On Fri, 27 Apr 2018, Christopher Lameter wrote:

> On Thu, 26 Apr 2018, Mikulas Patocka wrote:
> 
> > > Hmmm... order 4 for these caches may cause some concern. These should stay
> > > under costly order I think. Otherwise allocations are no longer
> > > guaranteed.
> >
> > You said that slub has fallback to smaller order allocations.
> 
> Yes it does...
> 
> > The whole purpose of this "minimize waste" approach is to use higher-order
> > allocations to use memory more efficiently, so it is just doing its job.
> > (for these 3 caches, order-4 really wastes less memory than order-3 - on
> > my system TCPv6 and sighand_cache have size 2112, task_struct 2752).
> 
> Hmmm... Ok if the others are fine with this as well. I got some pushback
> there in the past.
> 
> > We could improve the fallback code, so that if order-4 allocation fails,
> > it tries order-3 allocation, and then falls back to order-0. But I think
> > that these failures are rare enough that it is not a problem.
> 
> I also think that would be too many fallbacks.

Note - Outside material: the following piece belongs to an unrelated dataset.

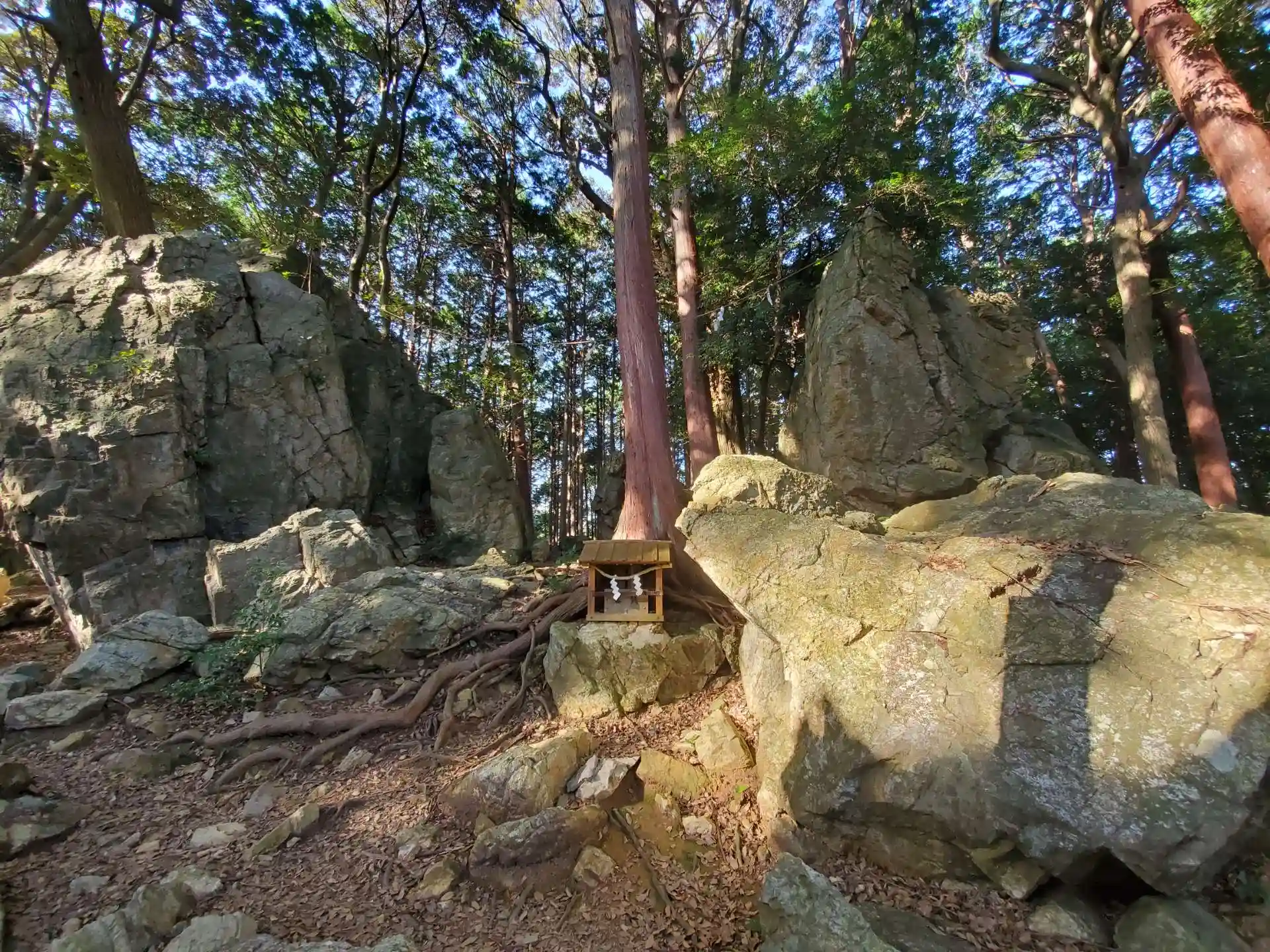 ムササビの住む森があります。拝殿裏手にある天白磐座遺跡は天からのパワーをいただきました。

You are right - it's better to fallback to the minimum possible size, so 
that the allocation is faster.

> The old code uses the concept of a "fraction" to calculate overhead. The
> code here uses absolute counts of bytes. Fraction looks better to me.

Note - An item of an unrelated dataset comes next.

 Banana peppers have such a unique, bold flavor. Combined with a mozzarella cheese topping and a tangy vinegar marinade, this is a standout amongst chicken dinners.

OK - I reworked the patch using the same "fraction" calculation as before.  
The existing logic targets 1/16 wasted space, so I used this target in 
this patch too.

This patch increases only the order of task_struct (from 3 to 4), all the 
other caches have the same order as before.

Mikulas


From: Mikulas Patocka <mpatocka@redhat.com>
Subject: [PATCH] slub: use higher order to reduce wasted space

If we create a slub cache with large object size (larger than
slub_max_order), the slub subsystem currently rounds up the object size to
the next power of two.

This is inefficient, because it wastes too much space. We use the slab
cache as a buffer cache in dm-bufio, in order to use the memory
efficiently, we need to reduce wasted space.

This patch reworks the slub order calculation algorithm, so that it uses
higher order allocations if it would reduce wasted space. The slub
subsystem has fallback if the higher-order allocations fails, so using
order higher than PAGE_ALLOC_COSTLY_ORDER is ok.

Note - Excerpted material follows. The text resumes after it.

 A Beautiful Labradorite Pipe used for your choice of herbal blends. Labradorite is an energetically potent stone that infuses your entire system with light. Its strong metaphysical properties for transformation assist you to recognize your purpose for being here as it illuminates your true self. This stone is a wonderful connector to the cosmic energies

The new algorithm first calculates the minimum order that can be used for
a give object size and then increases the order according to these
conditions:
* if we would overshoot MAX_OBJS_PER_PAGE, don't increase
* if we are below slub_min_order, increase
* if we are below slub_max_order and below min_objects, increase
* we increase above slub_max_order only if it reduces wasted space and if
  we alrady waste at least 1/16 of the compound page

The new algorithm gives very similar results to the old one, all the
caches on my system have the same order as before, only the order of
task_struct (size 2752) is increased from 3 to 4.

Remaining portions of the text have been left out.